Das selbstreferentielle Subjekt und das selbstreferentielle Objekt werden isomorph gedacht so wie eigentlich auch die Vernunft und das Ding an sich bei Kant. Und kommt man dann nicht
mit dem einfachen Begriff der Selbstreferenz aus?" (Luhmann, a.a.O., S. 595)
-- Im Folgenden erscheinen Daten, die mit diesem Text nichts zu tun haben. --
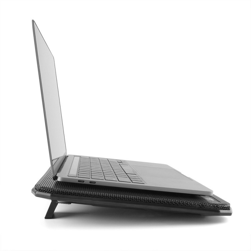 Охолоджувальна підставка ефективно вирішує проблему перегріву ноутбука, що допомагає продовжити його термін служби і підвищити продуктивність. Працюючи в комфортній позі з установленим пристроєм, користувачі можуть уникнути болів у шиї та спині, зробивши роботу більш продуктивною та менш втомлюючою.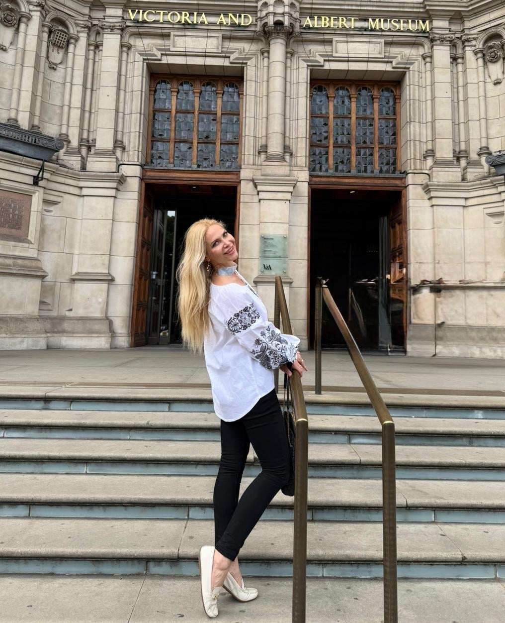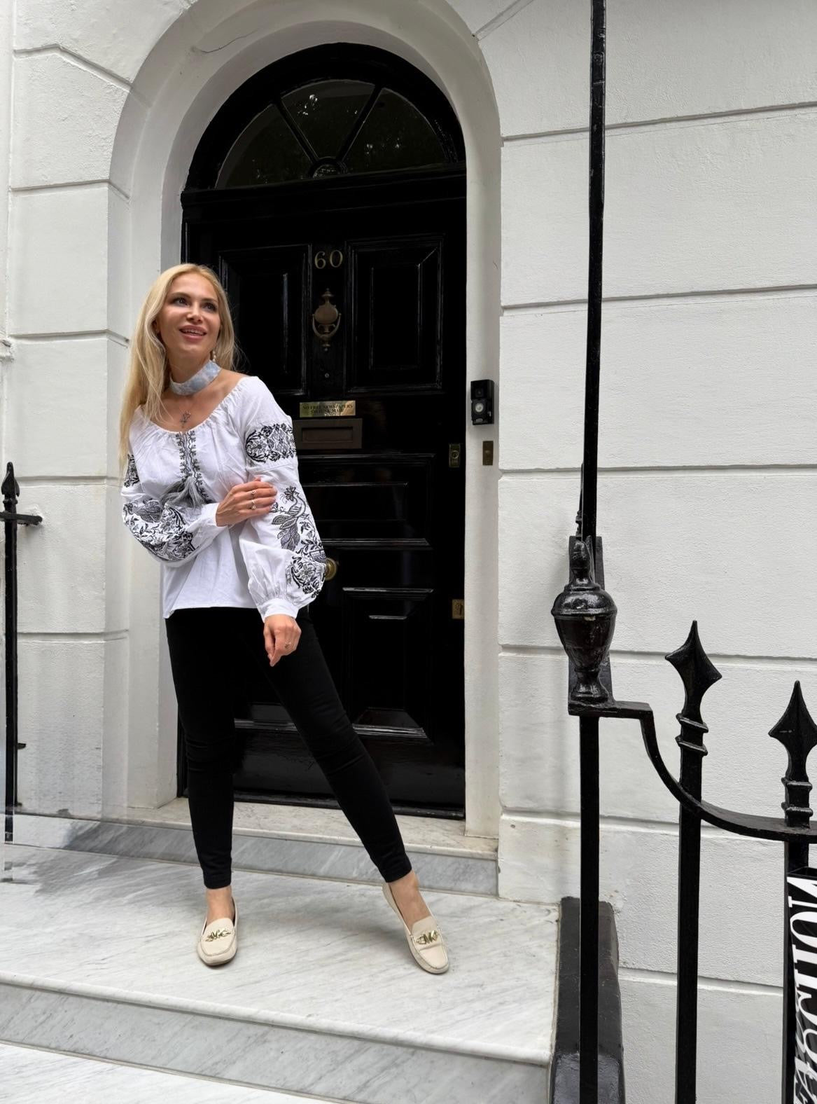 A modern Ukrainian embroidered blouse made of 100% natural cotton. This women’s white shirt features detailed black and grey embroidery in the shape of a stylized firebird (zhar-ptak), decorating the sleeves and front. A fresh take on traditional folk design — minimalist and wearable.

"Als Reflexionstheorie des Wissenschaftssystems hat die Erkenntnistheorie es primär mit dem
Verhältnis von Erkenntnis und Gegenstand, das heißt mit dem Realitätsbezug der Erkenntnis
zu tun. Pure Selbstreferenz an dieser Stelle würde heißen: real ist, was die Erkenntnis als real
bezeichnet. Diese Auskunft war immer und bleibt auch heute unbefriedigend. Man muß den
Zirkel aber nicht vermeiden, man muß ihn durch Konditionierungen unterbrechen. Das ist die
Funktion von Gründen. Sie transformieren den circulus vitiosus aber nur in einen infiniten
Regreß, denn man muß jetzt nach den Gründen für die Gründe fragen. Daher wird der infinite
Regreß mit Approximationshoffnungen ausgestattet, die letztlich in funktionierender
Komplexität rückversichert sind. Wenn man die Gründe wieder begründet und jede Etappe für
Kritik offen und revisionsbereit hält, wird es immer unwahrscheinlicher, daß ein solches
Gebäude ohne { jeden Realitätsbezug hätte aufgeführt werden können. Die Zirkularität ist
nicht eliminiert, sie ist in Gebrauch genommen, ist entfaltet, ist enttautologisiert. Ohne diesen
basalen Selbstbezug würde jede Erkenntnis zusammenbrechen. Nur mit seiner Hilfe ist eine
umweltsensible Struktur aufzuführen, die dem, was die Wissenschaft dann Realität
(Gegenstände, Objekte usw.) nennt, Information abgewinnt.
Die erkenntnistheoretische Semantik des 18. Jahrhunderts hatte in dem Moment, als dieser
Sachverhalt entstand, sich geweigert, ihn zu akzeptieren. Verständlicherweise! Er war zu neu.
Nach der hochriskanten Ablehnung aller religiösen oder metaphysisch-kosmischen
Instituierung von Erkenntnis konnte man nicht sogleich den nächsten Schritt tun und jeden
Gedanken an eine letztgewisse Außenfundierung fahren lassen. Man kam diesem Schritt so
weit wie möglich entgegen und verlegte das, was die Funktion einer Außenfundierung hatte, in
das Bewußtsein. Dazu mußte Bewußtsein als ein über Empirizitäten hinausgehender
»transzendentaler« Sachverhalt, als »Subjekt« der Welt begriffen werden. So konnte die
Selbstreferenz des Bewußtseins, Subjekt genannt, als Quelle der Erkenntnis und als Quelle der
Erkenntnis der Bedingungen der Erkenntnis zugleich in Anspruch genommen werden. Eine im
Erkenntnisprozeß nicht mehr disponible Ebene kontrollierbarer Bedingungen war denkbar
gemacht, und zugleich war jedem, der an Erkenntnis teilnehmen wollte, zugemutet, sie in sich
selbst als unumstößliche Gewißheiten zu erfahren.
Ein geniales, höchst erfolgreiches, merkwürdiges Kompromiß zwischen Zugeständnis und
Ablehnung von Selbstreferenz. Ein Apriori in Begründungsfunktion, als ob nicht schon das ein
Widerspruch in sich selbst wäre. Die Überlieferung hat diesen Gedanken bewahrt, ausgebeutet
und wiederholt revitalisiert. Er ist in der Tat, wenn man das Problem ernst nimmt, das er sich
stellt, nicht zu überbieten. Aber der Plausibilitätsentzug schreitet unaufhaltsam fort. Man findet
heute wohl kaum noch jemanden, der authentisch so denkt. Wer transzendentales Denken
vertritt - und man kann das natürlich, wenn man Bücher schreibt oder Kongressreferate hält -,
begründet dies historisch mit Theoriewissen: mit Kant." (Luhmann 1996, a.a.O., S. 648f.)